The authors believe that Korea could be the country where the most tunnelling and underground projects are, or will be, performed in the world. Since over 65% of the Korean peninsula is mountainous terrain, railways, roads, and motorways can not avoid the incorporation of tunnels. Construction of intricate metro lines is currently underway across six major cities, with even more planned for the future to compensate for the ever increasing traffic. Moreover, several large underground oil and gas storage cavern projects are in progress. In metropolitan cities power lines, telecommunication lines and water-supply lines are installed within tunnels. This report will highlight the most challenging problems that have been encountered while designing and constructing tunnels in the Korean peninsula.
Geology
The predominant rock types in Korea are granite, granitic gneiss, and gneiss. In most cases, joints and fissures are abundant, making tunnel engineering all the more difficult. Faults are also frequently encountered. In some parts of the peninsula, sedimentary rocks and their metamorphic derivatives are also found.

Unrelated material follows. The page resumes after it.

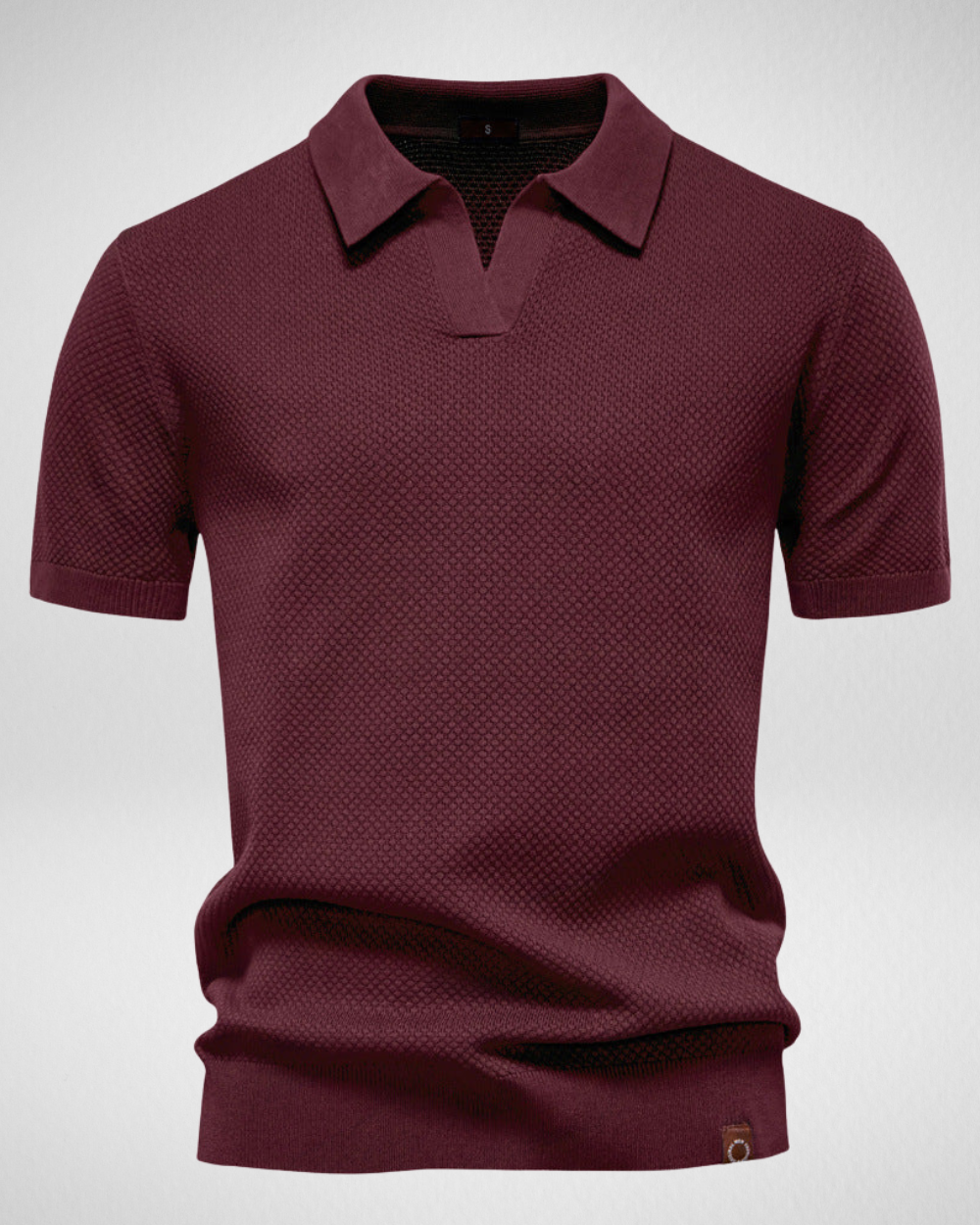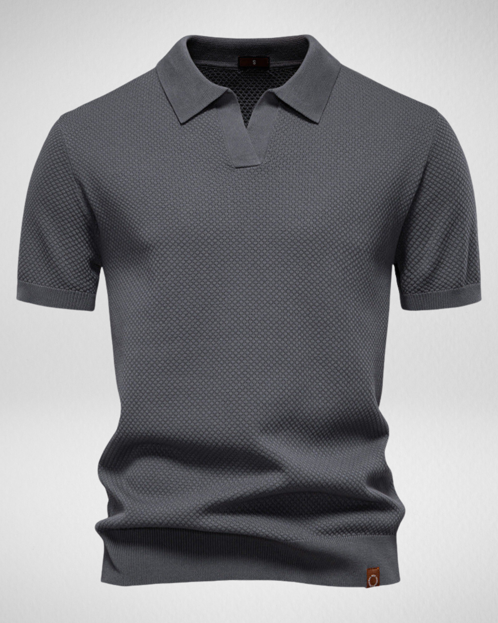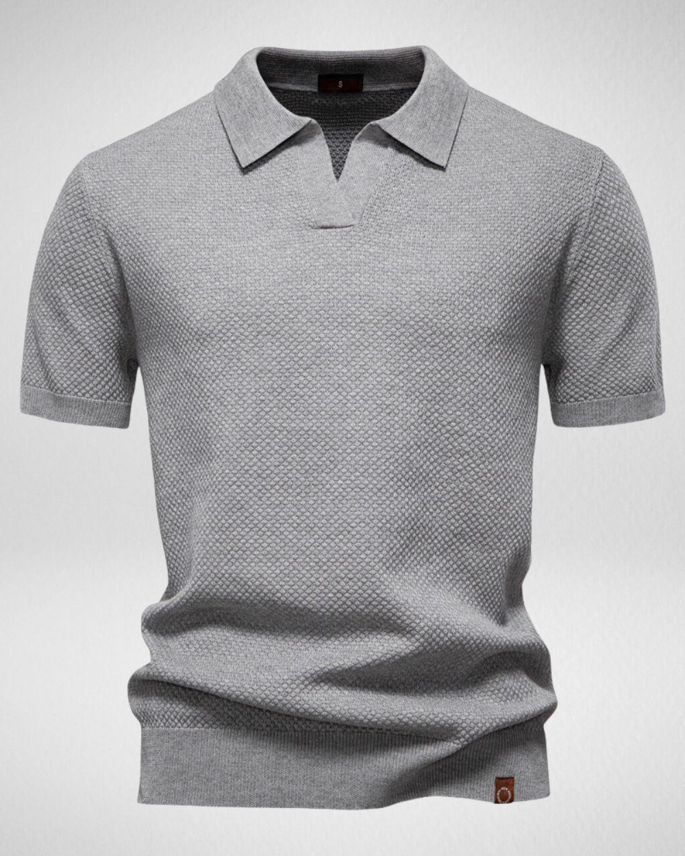 Een verfijnd poloshirt met moderne structuur dat moeiteloos stijl en comfort samenbrengt voor de volwassen man.

As the dimensions of newly planned tunnels become longer and wider, the geology of the proposed site becomes a greater factor, demanding more complete, albeit complicated, site investigation plans. Nowadays, it is not uncommon to perform intensive geophysical surveys (such as seismic surveys, electrical surveys, etc.) besides borehole logging in the design stage of tunnels and underground structures.
Rail tunnels
After about a 30-year lull in construction of new railroads, Korea has become aware of the importance of railways for the mobilisation of material resources. As of such, railways construction projects have been on the increase for three years. The projects include construction of new railways, installation of double tracks for existing single-track railways and the repair of existing railways. In the construction of new railways, the incorporation of tunnels cannot be avoided. At present, an estimated 13 tunnels with a total length of 37km are under construction.
Among these tunnel projects, the most interesting project is the ‘Yongdong-son tunnel’, which has a tunnel length of 16.3km and will be the longest tunnel in Korea. The design has been completed and construction has just begun. The geology at this site is very complex; the tunnel must run through a fractured zone consisting of limestone, large faults and abandoned mines in the immediate vicinity.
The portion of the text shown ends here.